Сказав Майклу, что иду в “Сотто Воче” на заседание комитета, я не совсем кривила душой. Мы с Эваном и правда состоим в комитете и встречаемся по делу. Значит, у нас, по сути, заседание комитета, верно же? Так или иначе, мой муж отнюдь не был против. “Внезаконники” сегодня играют в Браунсбергской публичной библиотеке, поэтому – при условии, что я найду няню, – Майклу безразлично, куда я денусь. Подозреваю, что ему так даже спокойнее, ведь у нас обоих в голове целый гроссбух, куда скрупулезно внесены все услуги и одолжения друг другу, где дотошно учтена каждая привилегия. А если мы оба вечером чем-то заняты вне семьи, получается дашь на дашь. Никто никому ничем не обязан.
Когда к нам подходит официант, чтобы принять заказ, с обсуждением панно Мендельсона покончено. Я не уверена, что мы еще хоть раз вспомним о нем за ужином, но все же оставляю на столе блокнот и ручку – сомнительное свидетельство того, что мы здесь по делу.
Следующие два часа мы старательно распахиваем необъятную разговорную ниву. Я рассказываю ему про пляжных прелестниц, про то, что боюсь летать и продам душу за хлебцы с шоколадом, про сложные взаимоотношения с Лесли Кин. Узнаю в свою очередь, что в старших классах Эван играл в регби и до первого поцелуя хотел стать священником-иезуитом. Он любит ирландскую музыку и мандарины, почти не пьет, но, когда случается, предпочитает бурбон пиву. Учился он в Северо-Западном, степень доктора получил в Принстоне, в промежутке работал в Австралии на овечьей ферме, а потом с Корпусом мира строил питьевые резервуары в Руанде.
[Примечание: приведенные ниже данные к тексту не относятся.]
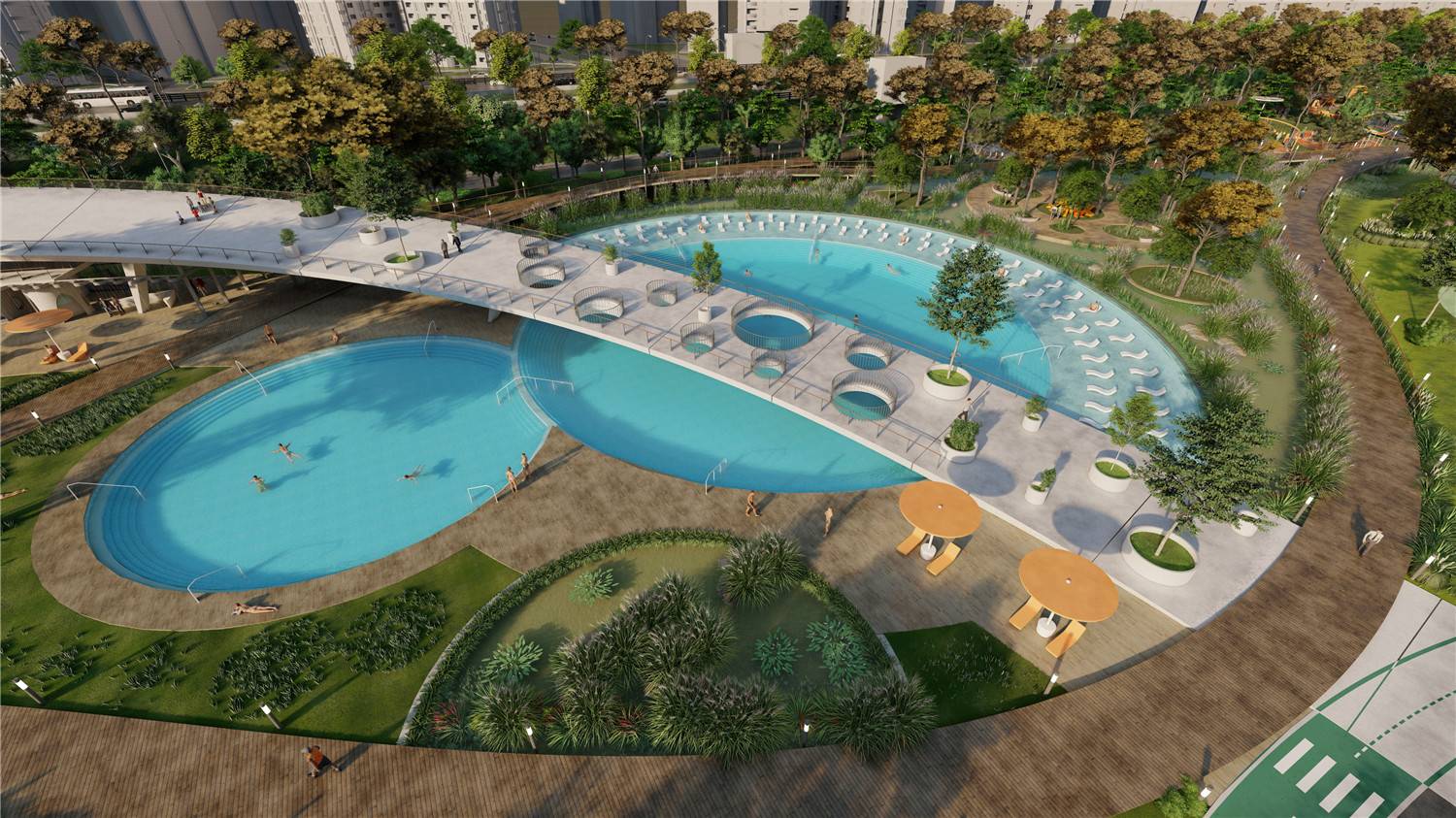 Curving upwards towards the highway, the elevated pedestrian walkway shields the pools from the traffic noise, and accommodates necessary indoor facilities under its roof at the same time. It flattens at the intersection with the riverfront promenade, in order to ease pedestrian connectivity; and finally, it protrudes over the riverbank, creating two walkable piers overlooking both, the river and the restored nature of the riverbank.
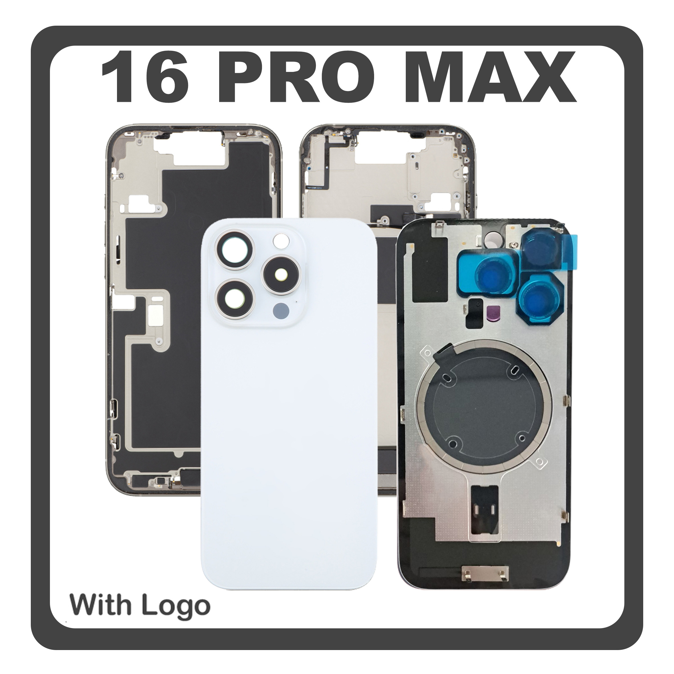 HQ OEM Συμβατό Με Apple iPhone 16 Pro Max, iPhone 16 ProMax (A3296, A3084) Rear Back Battery Cover Middle Frame - Housing Πίσω Κάλυμμα Καπάκι Πλάτη Μπαταρίας + Camera Lens Τζαμάκι Κάμερας + Magsafe + Sim Tray White Titanium Άσπρο (Premium A+)
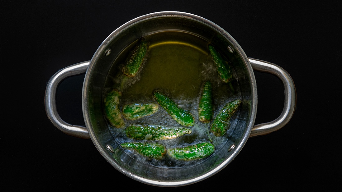 Cette recette ne pourrait pas être plus simple, avec seulement 3 ou 4 ingrédients : les petits poivrons, l’huile de friture (qui peut être une huile neutre comme de tournesol ou de grignons), de l’huile d’olive extra vierge à arroser après friture (qui peut également être l’huile de friture) et de la fleur de sel.

Он не пользовался популярностью в школе и считает себя неуклюжим. Единственное серьезное увлечение – спидвей; он бывал на соревнованиях в Нидерландах и Чехии и дважды ломал руку в гонках на льду. Позже я узнаю, что он вдовец, его жена погибла девять лет назад. Ехала на велосипеде, и ее сбил пьяный водитель, проскочивший на красный свет. (Я ищу на лице Эвана признаки затаенной тоски, но он рассказывает обо всем так, словно уже отстрадал свое. Просто факт биографии, хоть и трагический.) Как и я, Эван рос без отца и временами чувствует себя неприкаянно и одиноко. Академическую карьеру он избрал, чтобы не ишачить на так называемой пристойной работе. Ему всегда хотелось изучать средневековую литературу и, в частности, куртуазную поэзию.
– А что это за поэзия? – В голове всплывают рыцари, прекрасные дамы в башнях, мадригалы, лиры.
Эван долго молчит и смотрит на меня так, что меня охватывает горячая благодарность за приглушенное освещение “Сотто Воче”, ибо точно знаю, что по моей шее ползут вполне красноречивые пятна.
– Аномальное, в некотором смысле, явление в истории. – Эван подается вперед. – Можете себе представить, что было время, когда ухаживание за чужой женой считалось вполне приемлемым? В среде аристократии это не только допускалось, но приветствовалось.